§ **WHAT YOU NEED TO DO**: An exact copy of each line below is needed, with no images in it.

§ **DATA SECTION**:
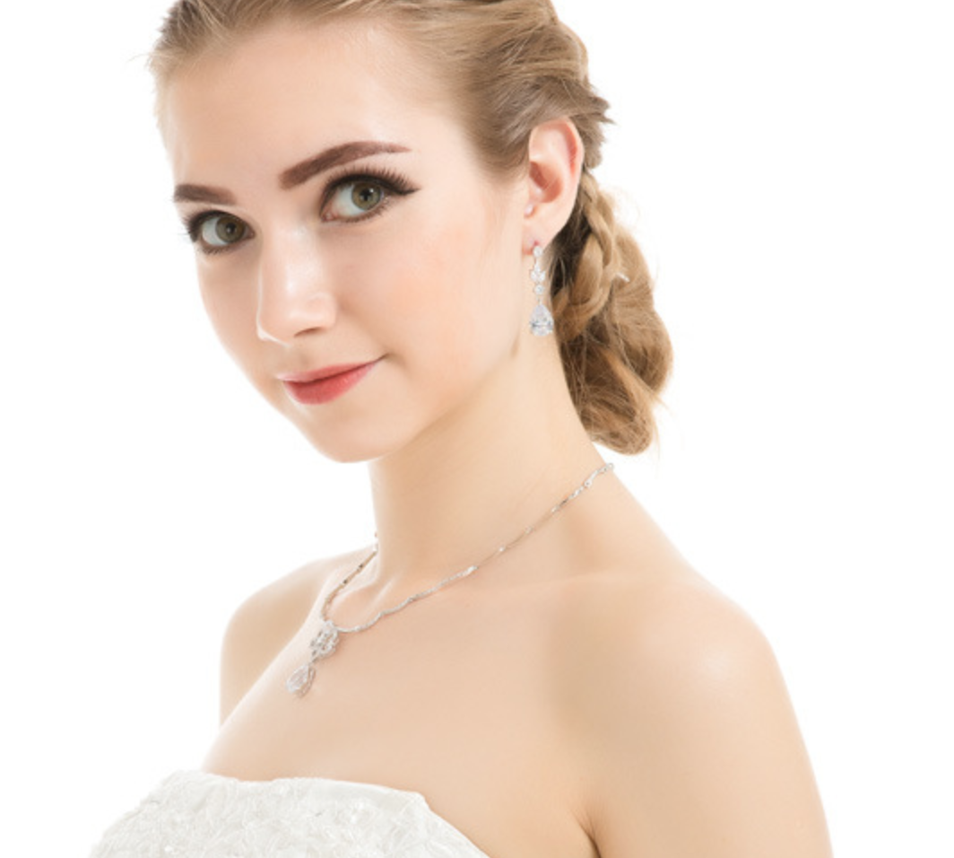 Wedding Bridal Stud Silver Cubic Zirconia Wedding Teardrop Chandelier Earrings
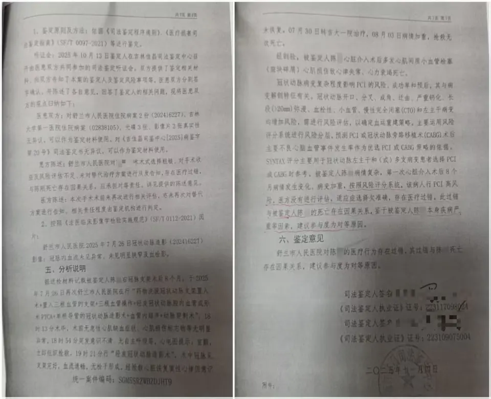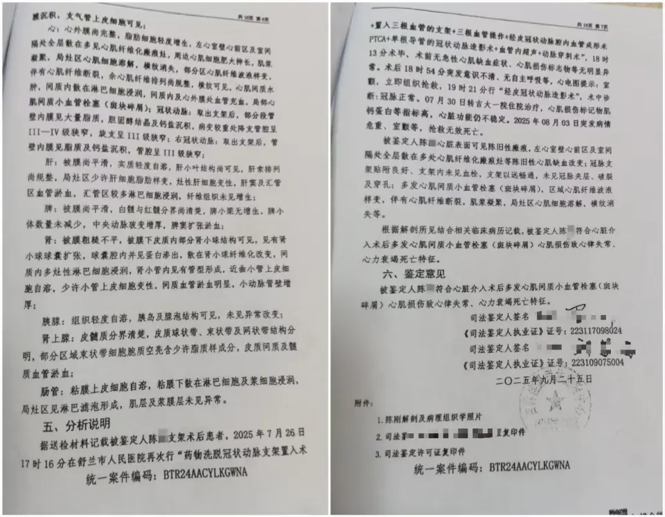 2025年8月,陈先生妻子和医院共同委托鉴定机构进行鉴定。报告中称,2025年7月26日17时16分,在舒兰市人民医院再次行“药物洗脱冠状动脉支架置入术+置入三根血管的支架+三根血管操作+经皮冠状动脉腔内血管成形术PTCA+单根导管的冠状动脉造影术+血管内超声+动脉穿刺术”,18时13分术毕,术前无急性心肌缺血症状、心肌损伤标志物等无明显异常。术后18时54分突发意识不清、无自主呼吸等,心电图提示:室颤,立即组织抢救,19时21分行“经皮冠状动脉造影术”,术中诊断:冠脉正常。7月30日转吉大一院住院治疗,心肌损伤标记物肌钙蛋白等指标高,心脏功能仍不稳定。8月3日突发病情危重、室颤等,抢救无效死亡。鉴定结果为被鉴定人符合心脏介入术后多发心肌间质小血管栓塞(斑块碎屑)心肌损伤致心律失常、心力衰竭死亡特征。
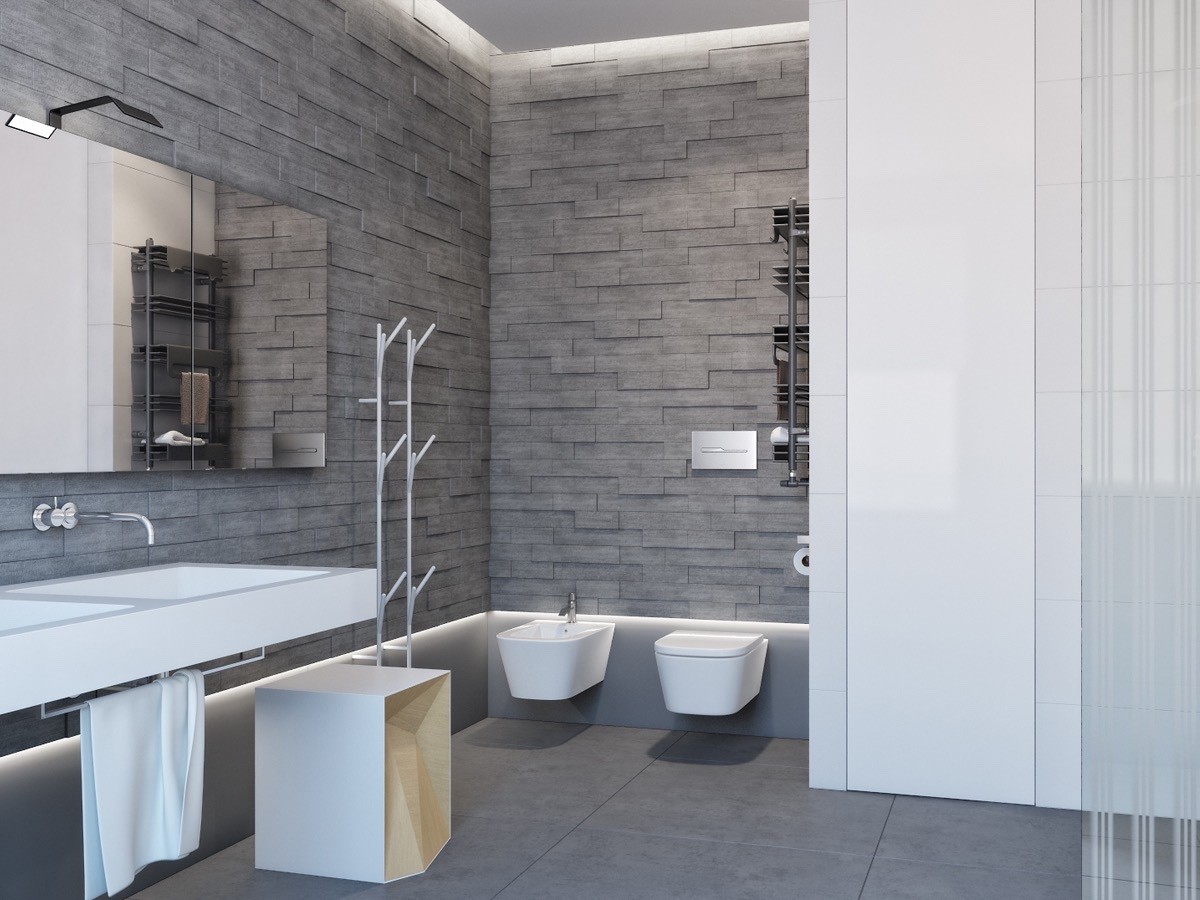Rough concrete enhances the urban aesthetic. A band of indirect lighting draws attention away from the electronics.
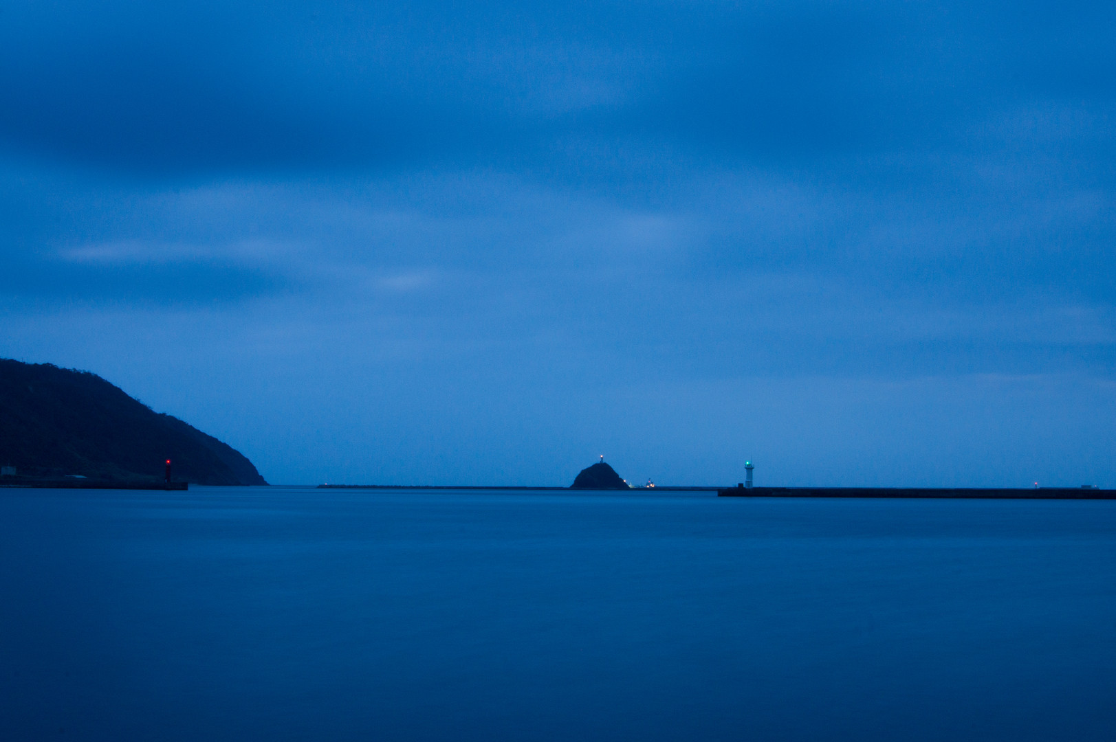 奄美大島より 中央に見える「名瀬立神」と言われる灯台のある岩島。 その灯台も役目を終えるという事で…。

§ **RESULT OF THIS EXERCISE**:
 Wedding Bridal Stud Silver Cubic Zirconia Wedding Teardrop Chandelier Earrings
 2025年8月,陈先生妻子和医院共同委托鉴定机构进行鉴定。报告中称,2025年7月26日17时16分,在舒兰市人民医院再次行“药物洗脱冠状动脉支架置入术+置入三根血管的支架+三根血管操作+经皮冠状动脉腔内血管成形术PTCA+单根导管的冠状动脉造影术+血管内超声+动脉穿刺术”,18时13分术毕,术前无急性心肌缺血症状、心肌损伤标志物等无明显异常。术后18时54分突发意识不清、无自主呼吸等,心电图提示:室颤,立即组织抢救,19时21分行“经皮冠状动脉造影术”,术中诊断:冠脉正常。7月30日转吉大一院住院治疗,心肌损伤标记物肌钙蛋白等指标高,心脏功能仍不稳定。8月3日突发病情危重、室颤等,抢救无效死亡。鉴定结果为被鉴定人符合心脏介入术后多发心肌间质小血管栓塞(斑块碎屑)心肌损伤致心律失常、心力衰竭死亡特征。
Rough concrete enhances the urban aesthetic. A band of indirect lighting draws attention away from the electronics.
 奄美大島より 中央に見える「名瀬立神」と言われる灯台のある岩島。 その灯台も役目を終えるという事で…。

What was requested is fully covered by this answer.